Whether or not this is the best way to evaluate teachers is sure to be debated more heatedly than ever, and much thanks is due to the LA Times. This question was not being openly discussed in California before now, and now it’s blowing up nationwide.

I can’t say I’m surprised that A.J. Duffy, head of the LA teachers’ union, called for a boycottof the LA Times shortly after the article was published. Once again, minimal if any interest in learning from the data. No love to the teachers who might actually learn a thing or two from the results (the teachers with poor value-added scores in the article indicated that the score information would be useful for their instructional practice). Just shut the Times up. Classic.

Thankfully, he seems to have backpedaled a bit, thanks to some reasoned response from the head of the national American Federation of Teachers. And bonus props to one of the candidates to replace Duffy at the end of his term, who said he was disgusted by Duffy’s call to boycott the Times.

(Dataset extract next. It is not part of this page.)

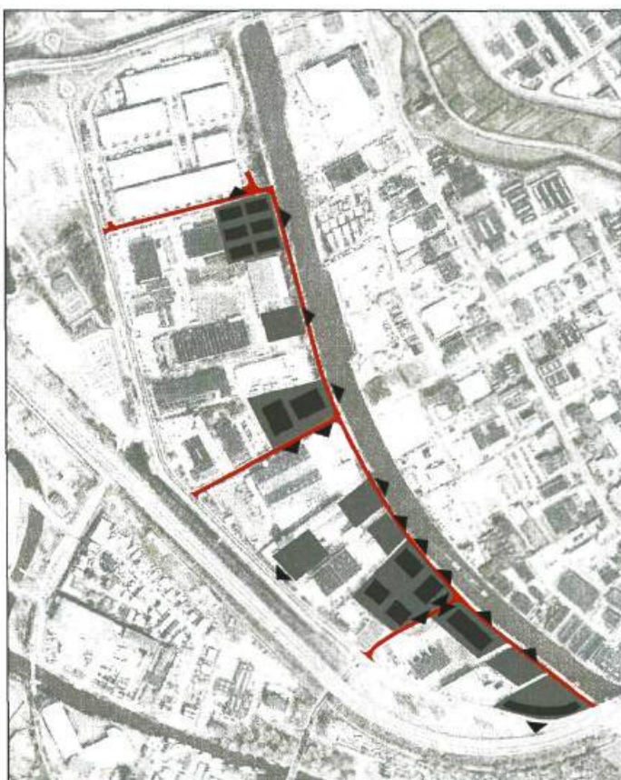
Afbeelding 2. Nieuwe ontsluiting en mogelijke nieuwe economische ontwikkelingen

Met deze nieuwe impuls krijgt het gebied een nieuwe uitstraling met het accent op het verbeteren van de bereikbaarheid, verduurzaming en functionaliteit van het gehele projectgebied. Het nieuwe ontwerp biedt kansen voor nieuwe economische ontwikkelingen.

I don’t know if evaluating teachers based on “value added” is the answer, but I definitely see it as a useful component in the evaluation process. Ironically, much of the credit for this report is due to folks like Duffy and like-minded union leaders who disseminate inaccurate information regarding how test scores might be used in evaluation, and resist any objective measures that might contribute to judging teacher effectiveness. I have had multiple conversations with teachers who tell me, “Oh no, we can never have merit pay. They will base all of our pay and evaluation based on how the kids do on the state tests.” When straw-man sloganeering substitutes for informed debate, you’re bound to get served a big fat helping by the Los Angeles Times.

Humble hat tip to the LA Times, for unearthing information that will be valuable for parents, administrators, and ESPECIALLY for teachers (absolute shame on Duffy for trying to suppress the Times on this one).

I can’t wait to read the rest of the series.